British Government Ready to Oppose Bid for Struggling BP
While BP was reporting a year-on-year 20% decline in profit during the first quarter of the current year, the UK government delivered a stinging remark, making clear that potential suitors of the British company would find its opposition.
In a clear proof of the strategic importance of the oil and gas industry, several articles reported on Tuesday that the British government warned that it would oppose any bid for the company. This comes in a moment the spotlights are on the nexus of politics and the gas industry, in light of recent revelations suggesting that Shell managed to lobby European authorities on the new renewables agreement reached in October 2014.
The British government does not have a stake in the company since Tatcher’s political era, and rumours in the industry indicate that Chevron and ExxonMobil would be willing to capitalise on BP’s weaknesses - related to its exposure to Russia and the US spill liabilities.
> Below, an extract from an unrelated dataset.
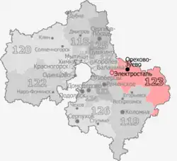 The Orekhovo-Zuyevo constituency (No.123[a]) is a Russian legislative constituency in Moscow Oblast. The constituency covers north-eastern Moscow Oblast, including Elektrogorsk, Elektrostal, Orekhovo-Zuyevo and Roshal.

On Tuesday, BP reported its intention to divest a further $10 billion in assets by the end of the year, as the recent agreement to sell its interest in the CATS system clearly indicates. Underlying replacement cost profit for the quarter was $2.6 billion compared with $3.2 billion for the same period in 2014, and $2.2 billion for the fourth quarter of 2014.
“We are resetting and rebalancing BP to meet the challenges of a possible period of sustained lower prices. Our results today reflect both this weaker environment and the actions we are taking in response,” Bob Dudley, BP group chief executive, said in a note.
Over the last years, the neoliberal philosophy seemed to gradually fade away, as London is growing protective of strategic assets based in its borders, tipping the balance in favour of a UKIP-led rhetoric, sounding the death knell to Tatcher’s doctrine.